Due neonate hanno già sconfitto il Covid. Anna e Valentina presentano gli anticorpi contro il virus e sono venute al mondo pochi giorni fa, la prima il 9 e la seconda il 16 marzo, all'ospedale di Padova da due madri, entrambe medici, che erano state vaccinate durante la gravidanza. «Le due bimbe – dice Gianfranco Juric Jorizzo, responsabile dell'équipe di Medicina Prenatale dell'Ulss 6 – sono le prime in Italia nelle quali sono stati isolati gli anticorpi su sangue neonatale alla nascita. Infatti gli studi internazionali, ad oggi, si sono basati solamente sugli anticorpi del cordone ombelicale». C'era già stato un caso in Florida pochi giorni fa, ma questo è il primo in Italia.

Quando è avvenuta la scelta

Tutto è iniziato a fine dicembre 2020, quando ha preso il via la campagna vaccinale. In quanto professioniste sanitarie, ad Anna e Valeria è stata offerta la possibilità di ricevere l'antidoto. Le due sono state anche tra le prime donne in gravidanza a vaccinarsi. A sostenerle nella scelta sono stati i loro compagni, a loro volta medici. «Gli studi sono limitati, ma concordi – spiega Jorizzo – nel suggerire che non ci sono effetti collaterali sulla mamma e sul feto. La vaccinazione quindi potrebbe essere indicata, anche in gravidanza, nelle situazioni con fattori di rischio, come suggerito dalle Società di Ginecologia Italiane lo scorso 2 gennaio. Potenziali rischi e benefici devono essere valutati caso per caso e discussi con il proprio ginecologo. L'infezione con complicanze respiratorie da SARS-CoV-2 può determinare un serio pericolo per la donna gravida e il neonato».

Vaccino durante la gravidanza

La gestazione ha avuto un decorso regolare. Ad aver partorito due donne medico di Padova: Anna Parolo, immunologa dell'Ulss 6 Euganea, 36 anni, e Valeria Bernardi ginecologa di 37 anni. Entrambe le professioniste sanitarie, che non erano mai state contagiate dal virus, d'accordo con i compagni (anche loro dei sanitari) si sono sottoposte volontariamente a inizio gennaio alla prima dose di vaccino e, a distanza di tre settimane, alla seconda. E non hanno segnalato effetti collaterali dopo l'inoculazione del vaccino.

La scelta discussa

Come si legge sul profilo Facebook della Ulss 6, «le mamme hanno discusso con gli esperti dell’équipe del nostro del servizio di Medicina Prenatale, fra cui la dottoressa Kimta Ngaradoumbe Nanhornguè, sull’opportunità della vaccinazione in relazione al loro rischio lavorativo, personale e della salute fetale». E poi ancora: «A sostenerle in questa scelta anche i loro compagni, entrambi professionisti sanitari.

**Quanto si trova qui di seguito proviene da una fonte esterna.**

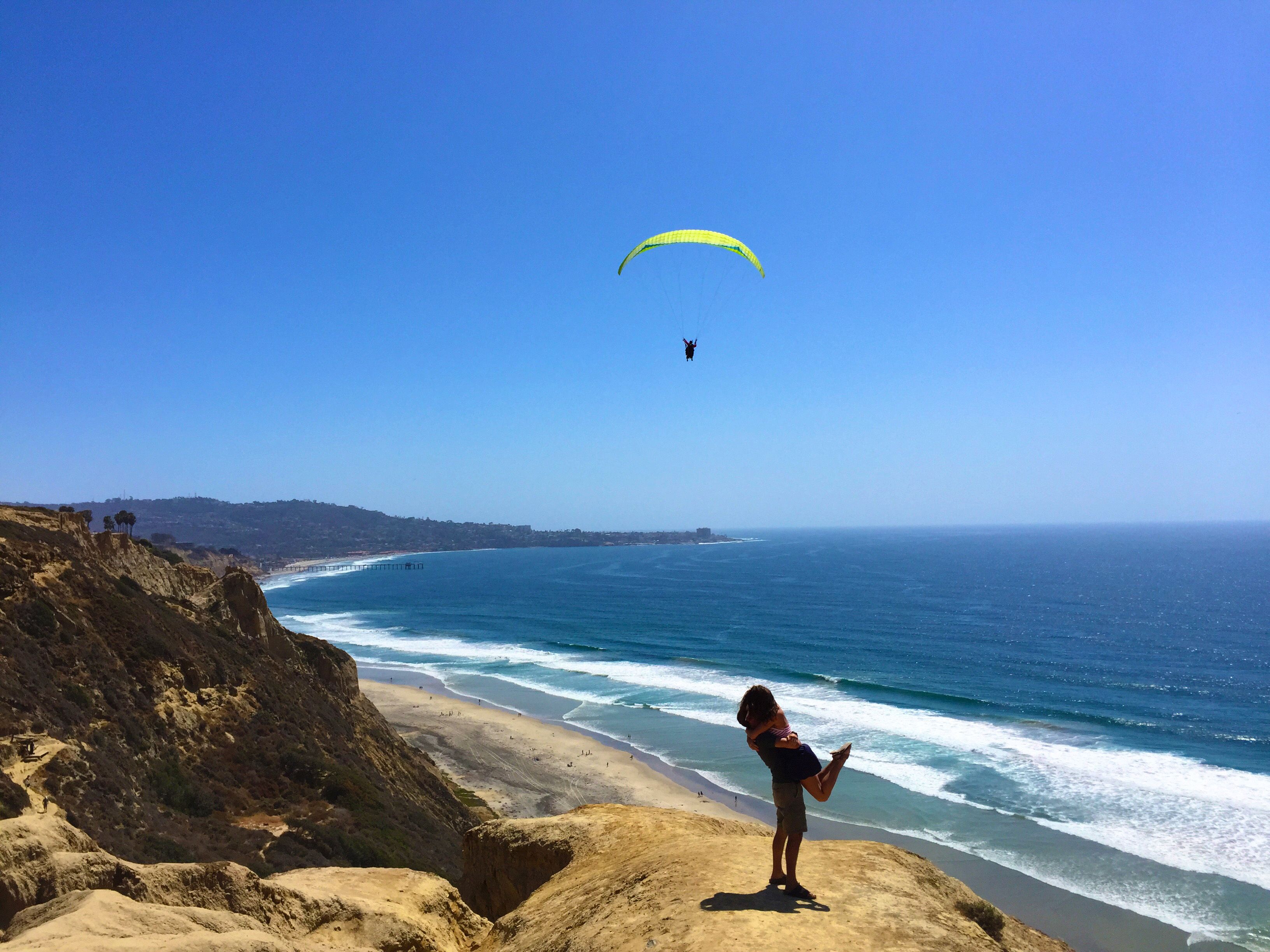 We had absolutely no agenda for the day other than soaking up the sunshine. Dave kept following the road, turning whenever he pleased with no real destination in mind. We found ourselves at Torrey Pines Gliderport. Overlooking San Diego and the beaches below, it’s amazing how places can quickly remind you just how small you are. How large this earth is and how much there is for us to see and discover. While we were looking out, there were paragliders taking off, floating around and landing. I loved the way their parachutes providing a striking contrast against the blues of the sky and ocean and natural hues of the rocks, sand and land.

Preziosa anche la collaborazione con il dottor Roberto Rigoli, direttore della Microbiologia dell’Ospedale Ca’ Foncello di Treviso, e del professor Fausto Baldanti, direttore della Virologia molecolare del Policlinico San Matteo di Pavia». Le neonate, che alla nascita pesavano circa 3 kg, stanno bene, sono a casa e vengono allattate esclusivamente al seno.

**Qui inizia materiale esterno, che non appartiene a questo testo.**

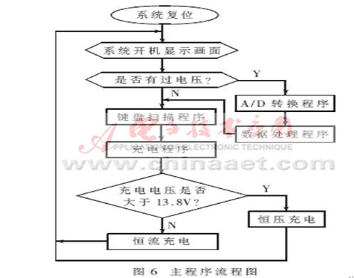 主程序由初始化、看門狗置位、鍵盤掃描子程序、中斷子程序組成。主程序主要進(jìn)行分配內(nèi)存單元、設(shè)置串行口等器件的工作方式和參數(shù),為系統(tǒng)正常工作創(chuàng)造條件。在主程序運(yùn)行的過程中,通過按鍵可以顯示檢測的各個量的值;同時在系統(tǒng)有過電壓和干擾信號產(chǎn)生時,液晶顯示屏?xí)@示提示信息,使電源實(shí)現(xiàn)“透明”,便于電源的管理。在本系統(tǒng)中,鍵盤采用的是由P1口組成的3×3行列矩陣式鍵盤。由于鍵盤程序的技術(shù)已經(jīng)相當(dāng)成熟,所以具體過程不做介紹。

La mamma: «Felice per mia figlia»

«Sono felice che la mia Valentina abbia gli anticorpi contro il Coronavirus e quindi sia portatrice di un grande messaggio di speranza» ha detto mamma Anna Parolo. «Sarà interessante in futuro – aggiunge la dottoressa Kimta Ngaradoumbe Nanhornguè – capire se il passaggio di questi anticorpi a seguito della vaccinazione materna contro il Sars-Co-V-2 possa proteggere il neonato come avviene in seguito alla vaccinazioni contro difterite, tetano e pertosse. In tal caso bisognerebbe definire se esiste una fase ideale della gravidanza per la vaccinazione».